The following article appeared in Traffic World.
Spot market keeps pressure on truckload, LTL rates; carriers use service to support sagging price ceiling
Truckers may have staved off a pricing free-fall in the weakest freight environment in years, but the spot market still could push truckload and LTL rates to new lows in 2007.
While some carriers are cutting prices to maintain market share, others are banking on high service levels to keep prices from falling. Carriers with the deepest pockets have had the most success at avoiding drastic dips in both price and service.
“ Over the past two quarters our public truckload carriers’ reported yields have remained surprisingly solid considering the weakness in spot market pricing,” said trucking analyst Ed Wolfe of Bear Stearns.
“ We believe the larger carriers have chosen to sacrifice utilization and deadhead to maintain their higher paying freight. However, with most of the large bids that were out in the market during the first and second quarter now complete, we believe yields as reported by the large truckload carriers will be down compared to last year,” Wolfe said.
Wolfe says LTL carriers are seeing growing price competition, particularly from the large parcel carriers.
“ We see an increasingly competitive marketplace as UPS and FedEx move deeper into the LTL market through acquisitions and as (Arkansas Best) and (YRC Worldwide) increasingly are expected to roll out new next-day products for the first time in that fast-growing market dominated by regional players. We also see many public and private LTL providers who expect to pick up market share through the downturn by growing new products and/or new geographies.”
New England Motor Freight, a subsidiary of the Shevell Group, Elizabeth, N.J., is attempting to do that.
“ If you don’t have much that differentiates you from everyone else, then it’s a difficult time to compete,” said Michael Bare, president and CEO of the Shevell Group. “We set out on a path over a year ago to focus on (maintaining service) and allowing the ups and downs of capacity and the economy to play havoc on others.”
Michael Regan, chairman and CEO of TranzAct Technologies, says lines between truckload and LTL are blurring in the spot market, giving shippers more opportunities if they can take advantage of them.
“ A lot of shippers are wedded to core carrier programs, and their base of carriers is relatively fixed,” he said.
“ In this environment, if (shippers) can expand the carriers with whom they work, they can take advantage of particular lanes. The drawback is that may hurt when capacity gets tight again, because carriers are going to flow trucks to their higher yielding business.”
NEMF, which participates in the spot market in traditional backhaul lanes such as inbound to Chicago and outbound from the Northeast, says prices can fluctuate depending on the time of day, a particular terminal and the day of the week.

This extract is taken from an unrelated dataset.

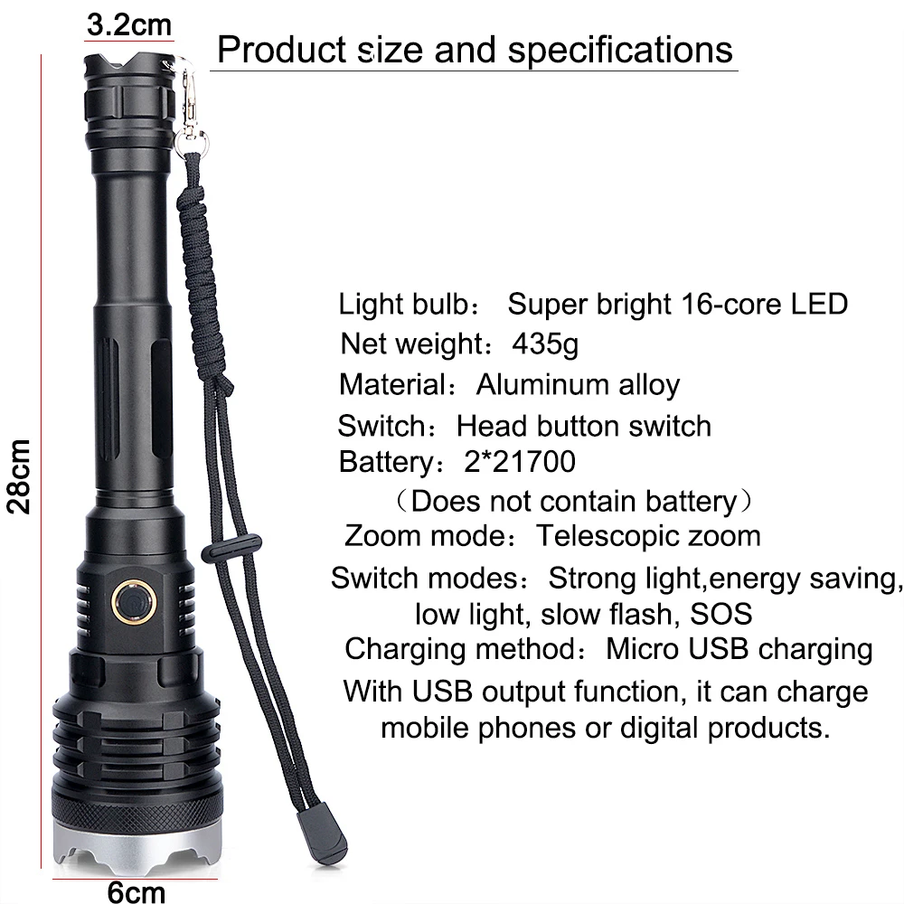 Посылка Вес: 678 г (фонарик, USB кабель, 21700 батарея, цветная коробка)
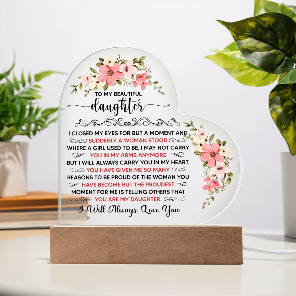 To My Beautiful Daughter – Acrylic Heart Plaque

The key , he says, is not allowing competitors that can’t provide the same range of services to dictate price.
“ Competing against smaller companies that don’t pay near what large companies pay, if we have to look at that in addition to the cost of infrastructure and the cost of recapitalizing large fleets with safe equipment, we have to find a way to prove to customers a value. Otherwise we won’t be able to buy a truck that’s 20 percent more efficient or open a terminal where the per-door cost has gone up 20 to 30 percent in the last two years.”
One company trying to even the spot playing field is CarrierStore, a Web-based freight exchange that connects shippers directly to the pricing departments of LTL carriers for automated spot quotes on shipments more than 3,500 pounds, up to and including a full truckload.
“ More and more freight is moving in the spot market and away from tariffs,” President Dan Clark said.